A Camp in the Canyon
Click me for the chapter about the environment around the mouth of Reavis Canyon below the falls.
The Last Mile
Here is an overview of the last third mile of Reavis Canyon. You can see the wall of the falls nestled in the folds of ridges towards the top, just off center.
On the lower right is a large landslide and, below there, it is complete chaos.
The vegetation grows shoulder to shoulder with interleaved branches. You will not get through there. The solution is to find a way around, usually over and around house-sized boulders.
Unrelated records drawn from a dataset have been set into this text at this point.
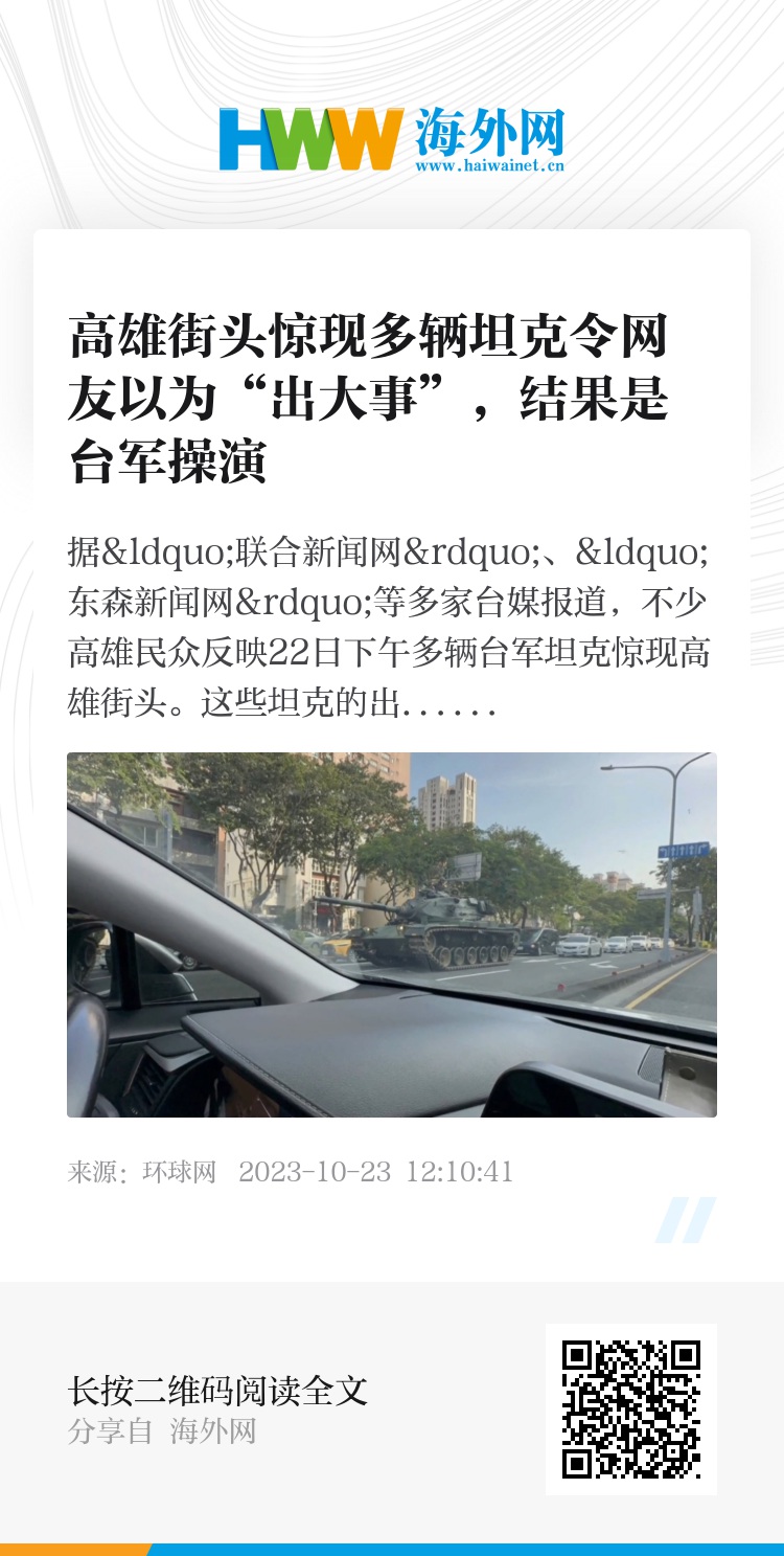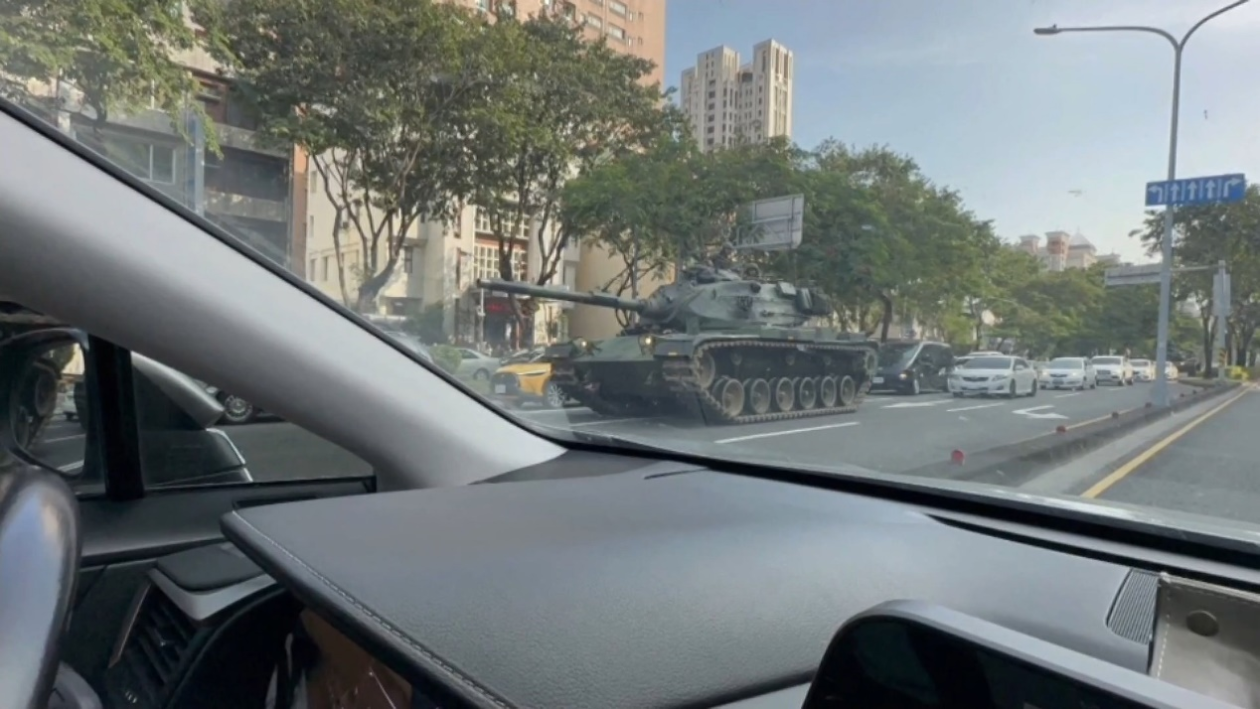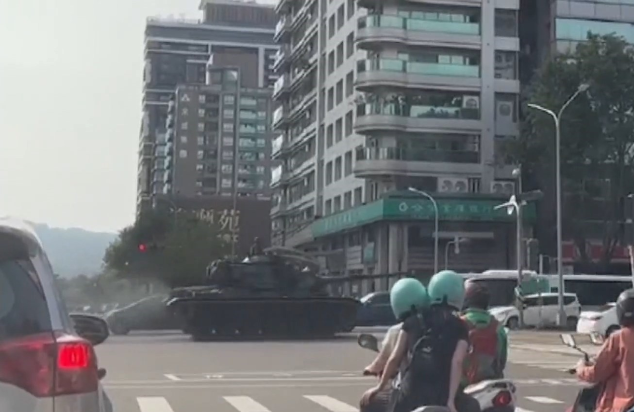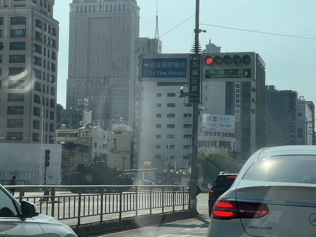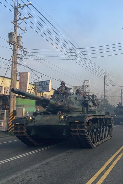 “东森新闻网”描述称,民众驾车行驶在高雄街头,对向迎面而来的居然是全副武装的军用装甲车。仔细观察后发现车顶架起机枪,坦克上有三名全副武装的台军士兵全程戒备。除装甲车以外,还有战车在马路上行驶,扬起大量沙尘,吸引民众目光。
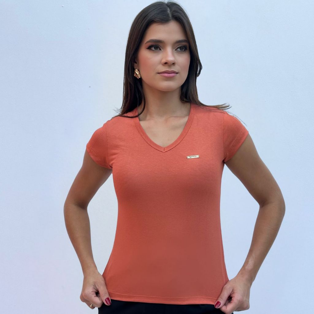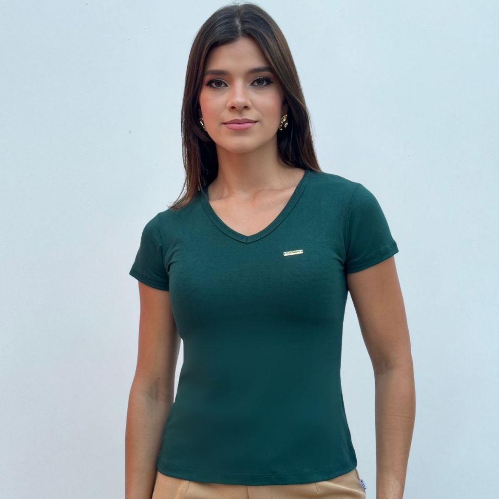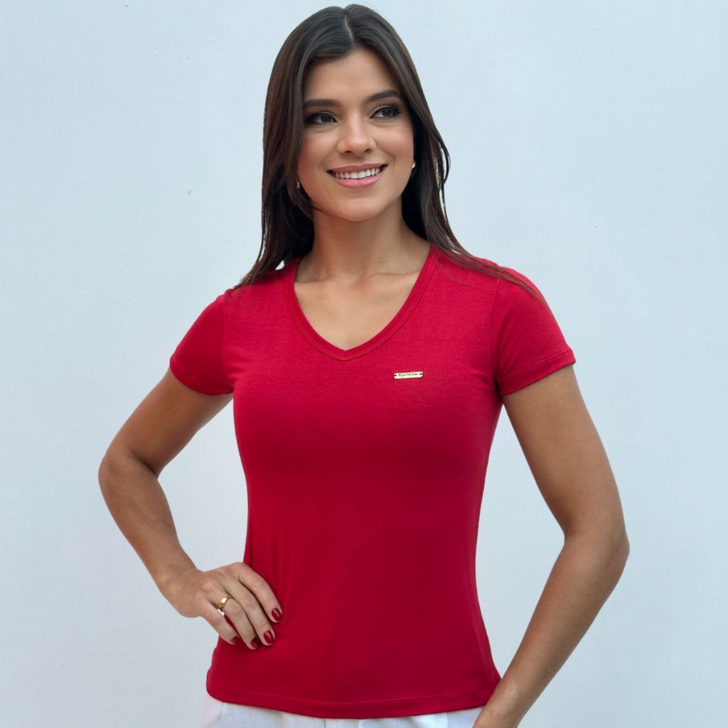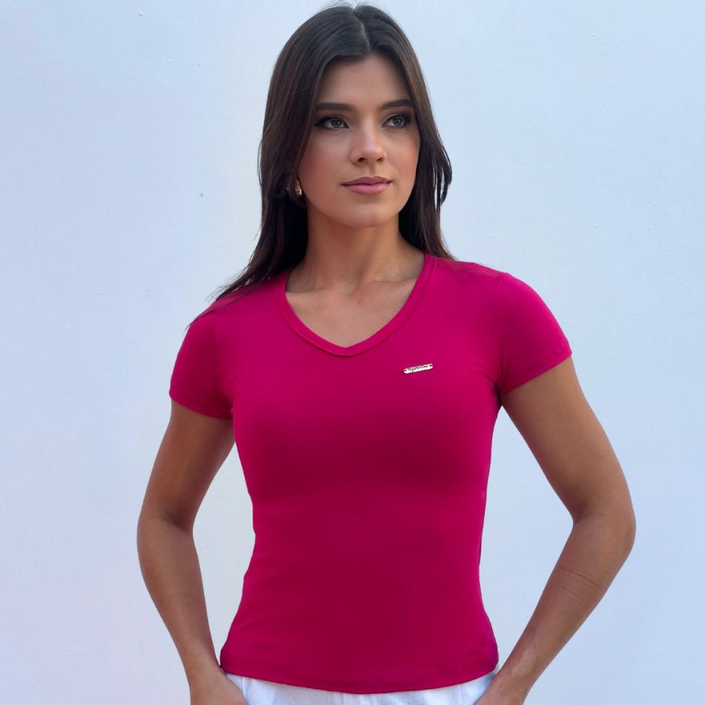 Blusa Baby Look Feminina Gola V em Viscolycra Básica Confortável e Estilosa
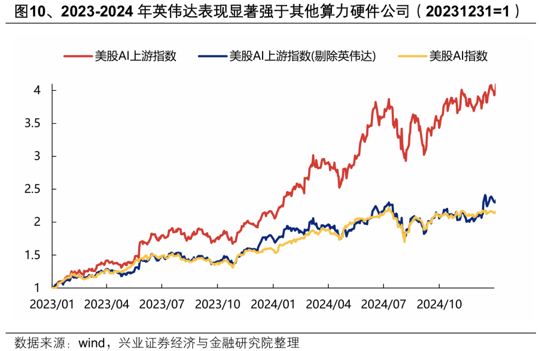 海外AI交易也呈现出类似的模式,在上游算力板块中,龙头公司英伟达显著优于其他公司。2023年以来,美股AI行情主要聚焦在上游算力端,而其中又以英伟达为核心,股价表现要显著优于其他上游公司。
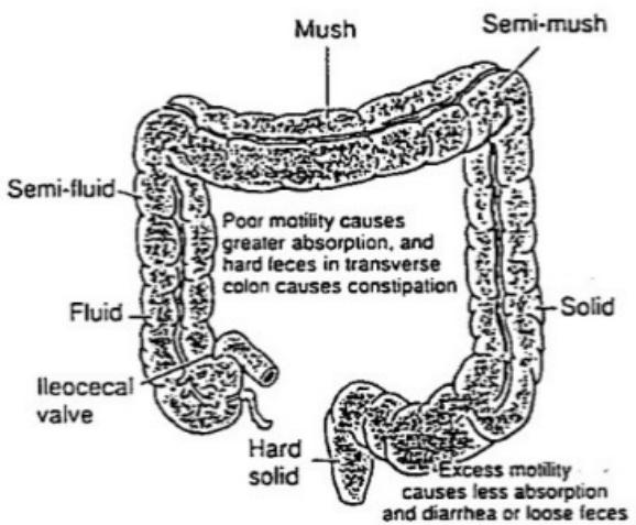 The changes in fluidity of feces is determined by what organ?
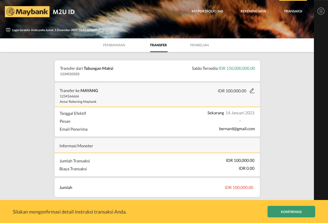 Cek kembali detail transaksi pada M2U ID App, lalu klik ‘Konfirmasi’ jika sudah sesuai.
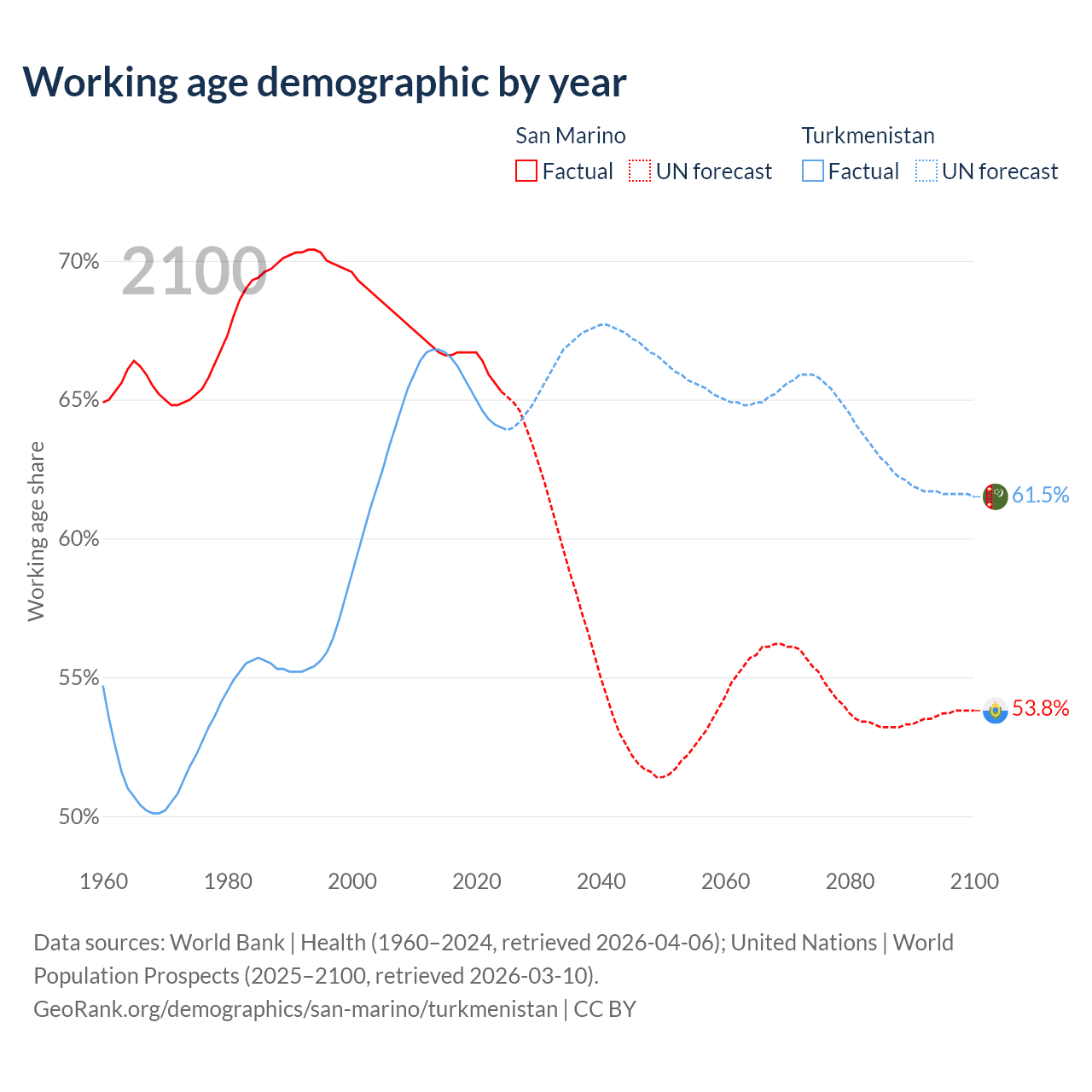 - San Marino has 22.2K working age adults (aged 15-64) vs 4.97M in Turkmenistan.
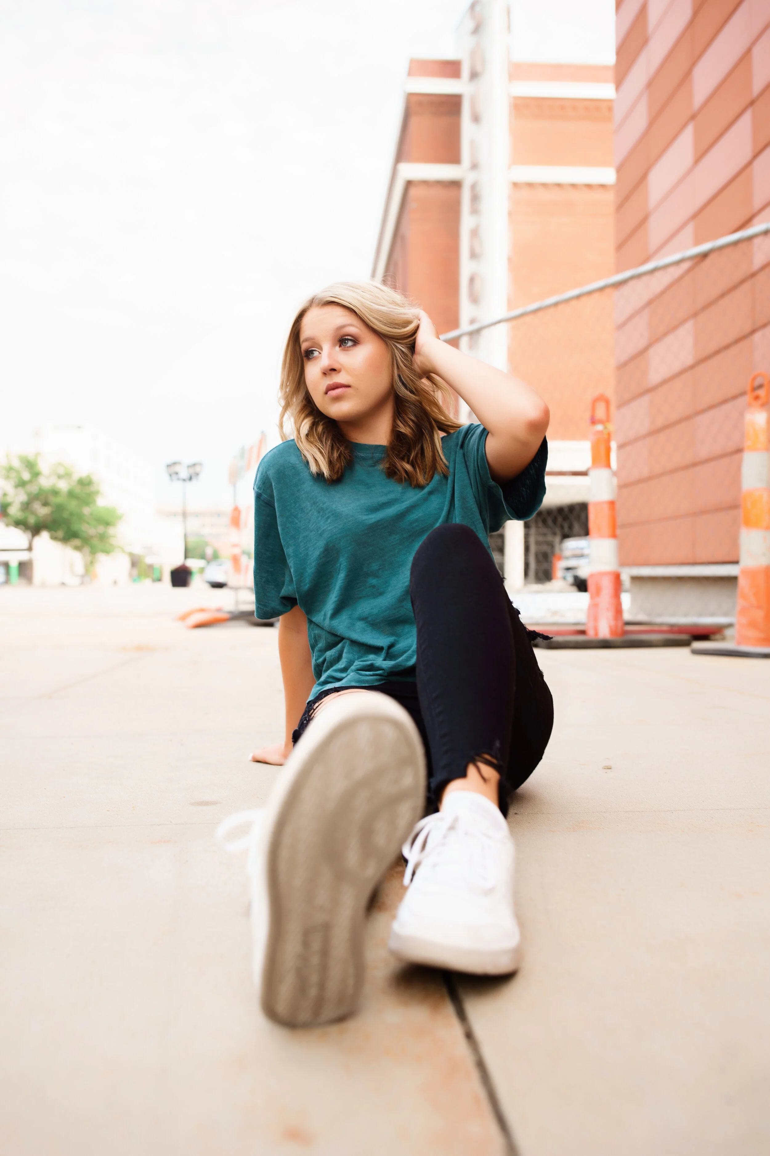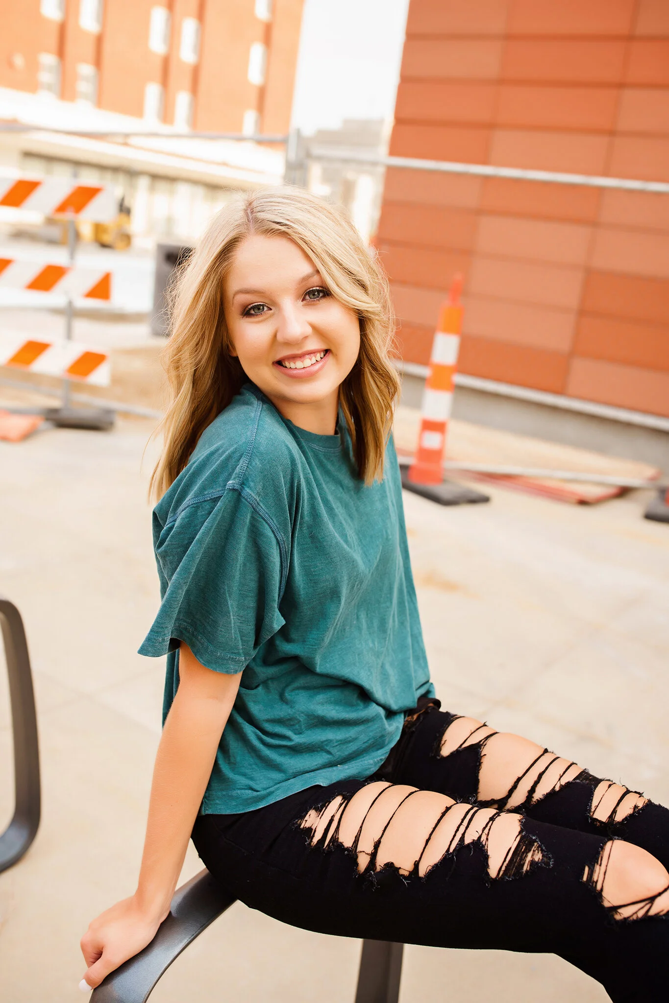 Then we headed back to our cars, hit up a parking garage and changed into Chloe’s FAVORITE outfit. I loved the grunge-y vibes I got from it, but wasn’t sure we were close by anything that matched that aesthetic. We WERE right next to a construction site but I thought to myself, “if you ask them to shoot there, they will think you’re a crazy person.” But then, Chloe’s mom asked what I thought about using it.. so it was fate! I showed Chloe the back of my camera to make sure what I was capturing was what she was looking for, and she loved them! So, I think we nailed the “unique” portion of her senior pictures!
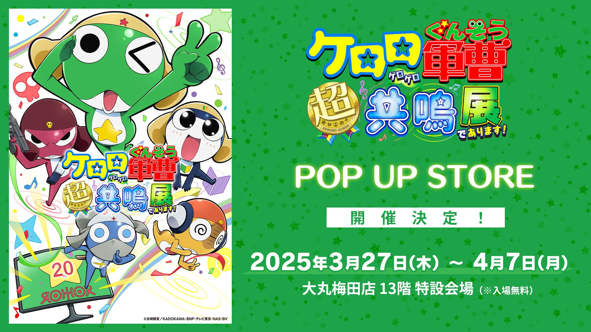 アニメ『ケロロ軍曹』放送20周年を記念したイベント「ケロロ軍曹 超共鳴(ゲロゲロ)展 であります!」。昨年4月から5月にかけて行われた池袋会場を皮切りに、熊本、吉祥寺の計3か所で実施されてきました。2025年3月27日(木)から4月7日(月)の期間限定でPOP UP ストアとして大丸梅田店(大阪府大阪市)13階特設会場にて開催いたします。
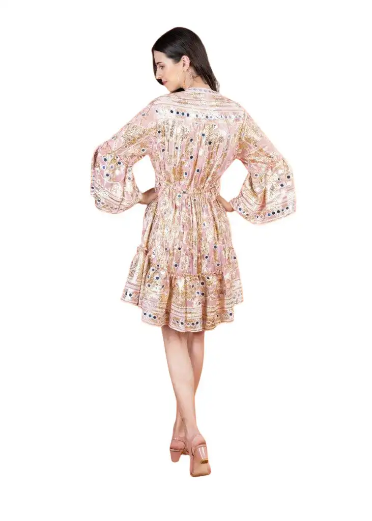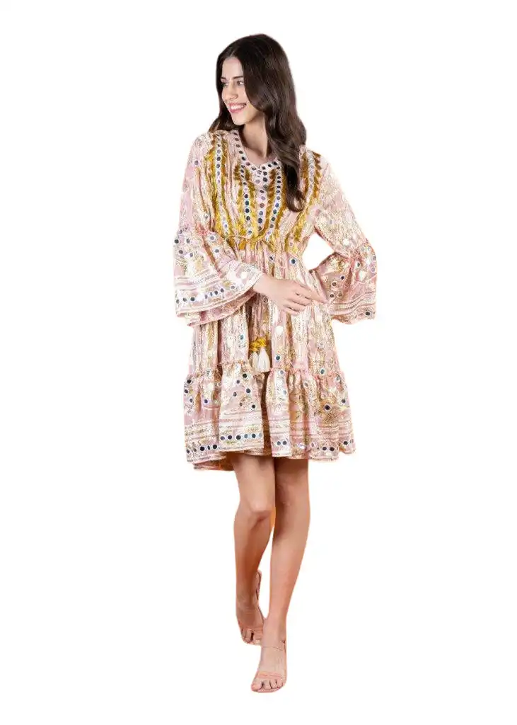 High Fashion Embroidered Handmade Boho Knitted Designer Ruffle Three Quarter Sleeve Women Party Dress
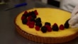Dessert-Koch dekoriert Zitronenpudding-Kuchen mit Beeren - 4K Stock-Video

The image was captured from Google Earth
After almost two hours of picking my way, there was a flicker of light. The fall waters were sparkling in the sunlight high above the cottonwood trees, in full Mach bloom, and the still leafless Arizona Sycamores.
This was my view of Reavis Falls from the canyon on a March day before the Arizona Sycamores have leaved. The falls are the tiny patch of white to the left of midline where the earth meets the sky. Jumbles of infallen boulders and thick growth of sycamores, oaks and fully leaved cottonwoods cloak the falls.
Another 30 minutes of canyoneering brought me to the foot of the falls.
At the Foot of Reavis Falls
Looking up at Reavis Falls from a 20 foot tall mound of talus.
These are boulders washed down at flood time.
The rock wall is thick with microorganisms, fungi and mosses.
After clambering around the talus pile I found this angle….
An Arizona Sycamore, before the spring leafing, at the Foot of Reavis Falls
Talus at the Foot of Reavis Falls
The Reavis Falls talus is large boulders carried down Reavis Creek and washed over the falls at flood time as well as blocks fractured from the cliff face. You can see the base of the Sycamore from the previous photograph.
The falls are formed where Reavis Creek flows over a solid mass of rock. The talus is composed mostly of this red rock. From the edge of this cliff to the base, where the falls hit the canyon floor, is all of 140 feet. This is a far as you can proceed into the canyon without some serious climbing skills.
It is possible to climb around the canyon by climbing up the ridge from which I captured the Cedar Basin Hoodoos. See my posts below for this location (you need to work it our for yourself).
This is NOT the last post of the series. From here I will focus on the beauty of Reavis Falls and the canyon that holds them.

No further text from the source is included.